Magellan Petroleum Corporation

7 Custom House Street, 3rd Floor

Portland, Maine 04101

 

Re:

  

Registration on Form S-3 of 1,182,742 Shares of Common Stock of

Magellan Petroleum Corporation

Ladies and Gentlemen:

We have acted as counsel for Magellan Petroleum Corporation, a Delaware corporation (the “Company”), in connection with the registration for resale from time to time by certain of the Company’s security holders, of 1,182,742 shares (the “Shares”) of the Company’s common stock, par value $0.01 per share (the “Common Stock”), beneficially owned by the selling stockholders identified in the Registration Statement on Form S-3 (the “Registration Statement”) filed by the Company to effect registration of the Shares under the Securities Act of 1933, as amended (the “Securities Act”) and to which this opinion has been filed as an exhibit.

In connection with rendering the opinion expressed herein, we have examined originals or copies, certified or otherwise authenticated to our satisfaction, of such documents and records, and reviewed matters of law, as we have deemed relevant or necessary.
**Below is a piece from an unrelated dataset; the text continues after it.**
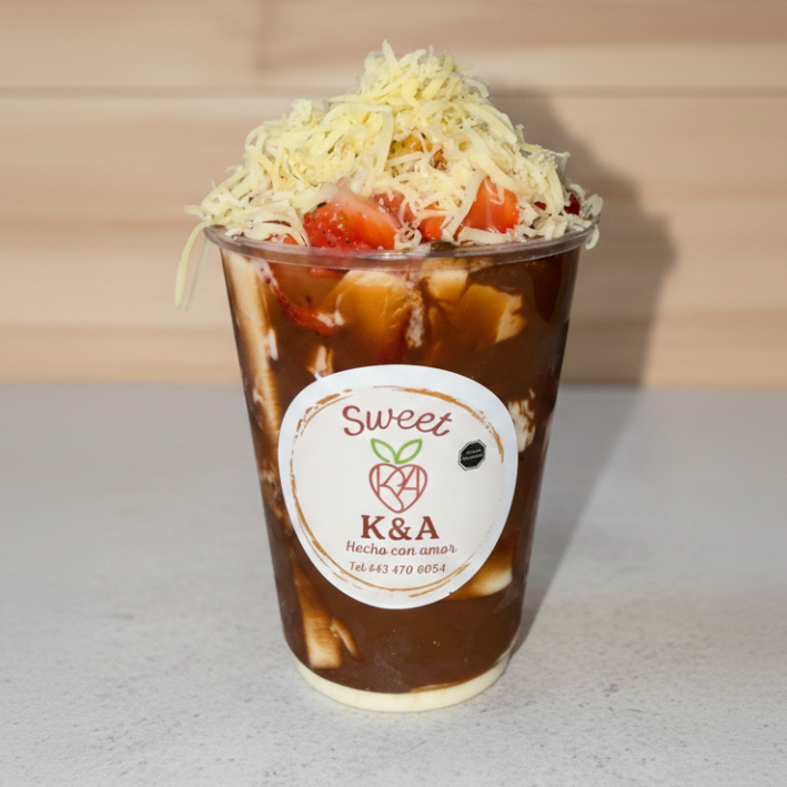 Disfruta de unas deliciosas fresas con crema acompañada de queso de bola estilo marquesa- Elige 2 topping + 2 jarabes

As to various questions of fact material to our opinion, we have relied upon statements of fact contained in the documents and records that we have examined or statements of fact made to us by officers of the Company, who, by reason of their positions with the Company, would be expected to have knowledge of such facts. The opinion expressed herein is limited to the General Corporation Law of the State of Delaware, as currently in effect, and we express no opinion as to the effect of any other law or the State of Delaware of the laws of any other jurisdiction.
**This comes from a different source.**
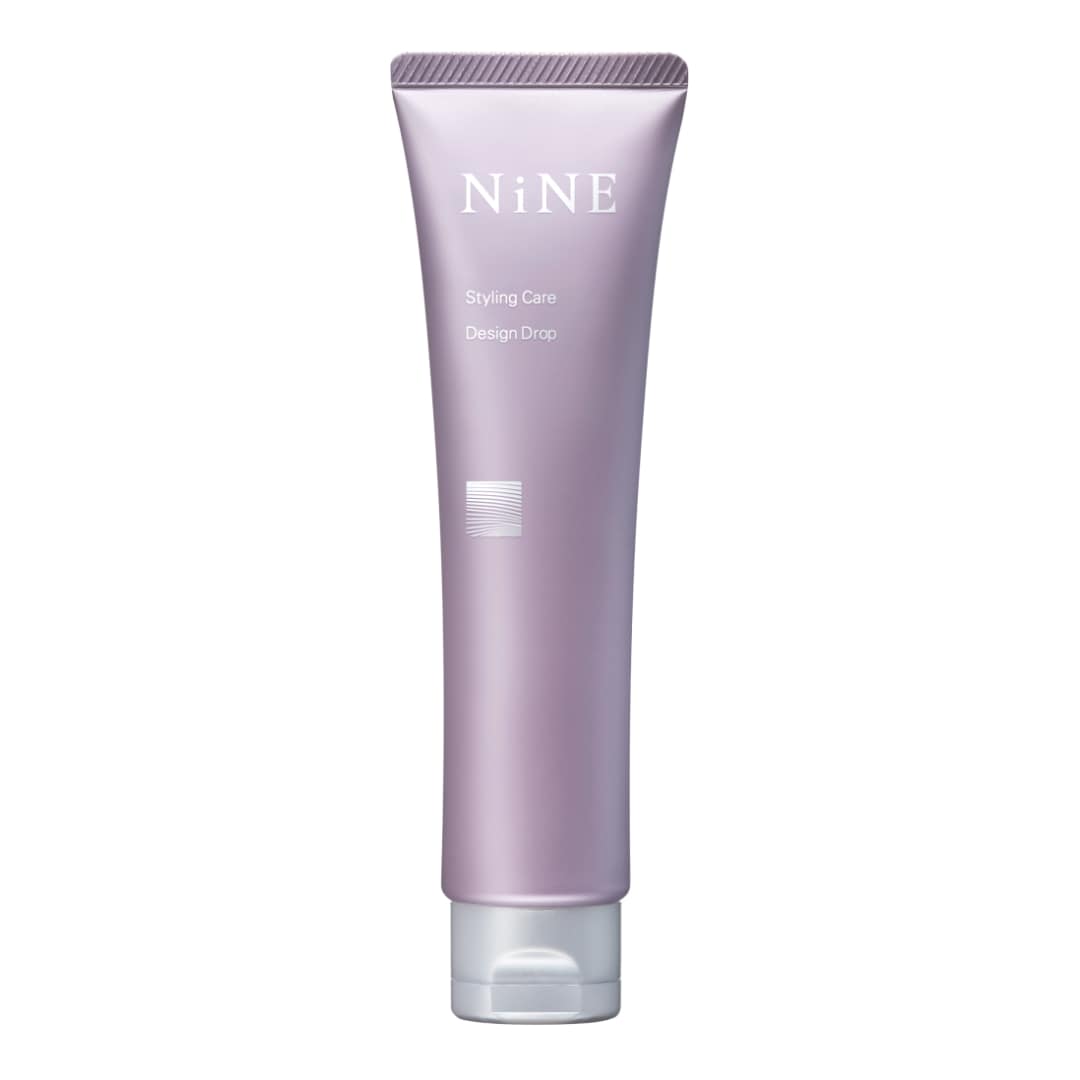 前髪は毛先を巻きすぎないように真っ直ぐ下ろします。クリームベースの「NiNE デザインドロップ」を手のひらによくのばしてから、髪全体に軽く揉み込みます。

Based on the foregoing and subject to the assumptions, qualifications and limitations set forth herein, we are of the opinion that, upon the effectiveness of the Registration Statement, the Shares of Common Stock proposed to be registered by the Company under the Registration Statement will be validly issued, fully paid and non-assessable.
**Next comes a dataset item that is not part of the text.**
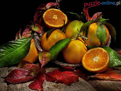 Puzzle Kolorowe, Pomarańcze, Koszyk, Liście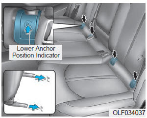 Анкеры LATCH расположены между спинкой сиденья и подушкой сиденья. заднее сиденье левое и правое боковые места для сидения.

We hereby consent to the filing of this opinion as Exhibit 5.1 to the Registration Statement and to the reference to us under the caption “Legal Matters” in the prospectus constituting a part of the Registration Statement. In giving such consent, we do not thereby admit that we are included in the category of persons whose consent is required under Section 7 of the Securities Act or the rules and regulations of the Securities and Exchange Commission promulgated thereunder.

Very Truly Yours,

/s/ Bernstein, Shur, Sawyer & Nelson, P.A.